The interior is vast and impressive, the walls and arched roof are as solid as in the days of Diocletian.

XXVI. THE BATHS OF DIOCLETIAN, BUILT BY CHRISTIAN
PRISONERS.

An interesting description of the Christian prisoners erecting these baths will be found in "Fabiola," Part II, chap. 20.

The Roman Martyrology makes mention on July 9th of the martyrdom in Rome of St. Zeno and 10,203 companions. These were the Christians condemned to work in the erection of this stupendous mass of buildings. It is said that crosses and other Christian marks have been found stamped on some of the bricks. When the gigantic work was completed, the poor toilers were all dragged to the Temple of Mars outside the present Porta S. Sebastiano and there cruelly massacred by order of Diocletian, A.D. 305. Their mangled remains were afterwards buried at Tre Fontane and in the Catacombs, those of St. Zeno and 2,200 of the martyrs being transferred to S. Prassede by Pope Paschal I in the ninth century, as stated above. The church and adjoining ruins have thus a special and a holy interest. It is said that these baths contained 3,000 marble basins, a swimming piscina of 2,400 square feet; also a library, gymnasia, club rooms, lecture rooms, dining rooms and spacious gardens.

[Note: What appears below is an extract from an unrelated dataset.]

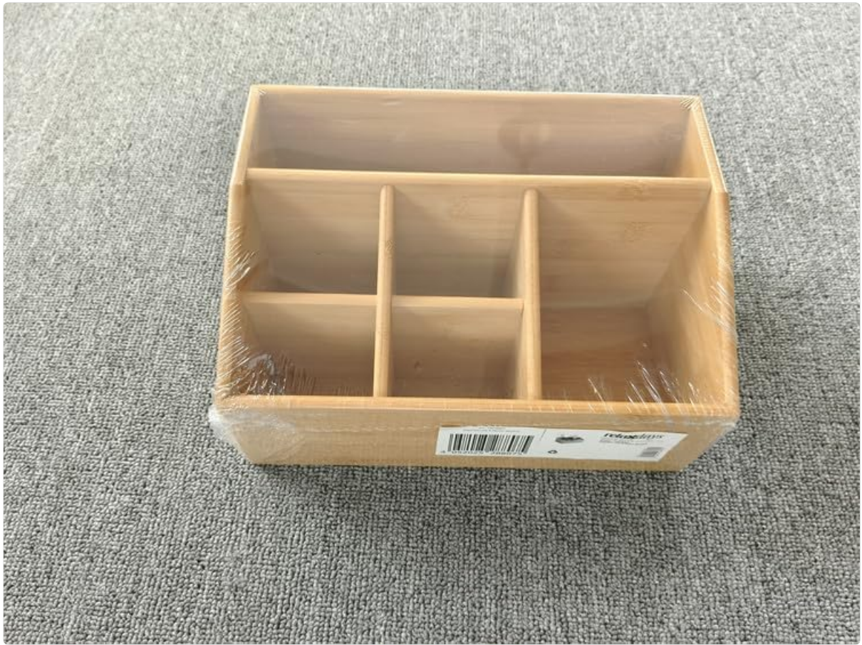
Image 7.2: The bamboo organizer as it appears in its protective plastic packaging, ready for shipment or retail.

Cardinal Baronius says that 40,000 Christians were employed in the work. The Baths are supposed to have been partly destroyed during the Gothic invasion of A.D. 410.

XXVII. THE GREAT CLOISTER OF SA. MARIA DEGLI ANGELI

-RELIGIOUS MEMORIES.

Behind the church is the noble cloister designed by Michael Angelo, transformed (since the expulsion of the monks in 1872) into a national museum, in which objects of art and antiquities discovered on government land and in government works are preserved. The cells of the Carthusians, where so many holy religious lived and died, may be seen, each with a little garden and fountain. Alas, they are now tenantless, used only as receptacles for sarcophagi and fragments of ancient sculpture. The objects exhibited are nearly all of pagan times though there are a few Christian ornaments, chiefly of gold, made by the Goths and Lombards. Of especial interest are the AngloSaxon coins of the tenth century, 400 in number, found in 1884 in the Atrium Vestæ, or Vestals' house in the Forum. This money was probably brought to Rome as Peter's Pence, and concealed to save it from plunder during one of the frequent tumults of those stormy times.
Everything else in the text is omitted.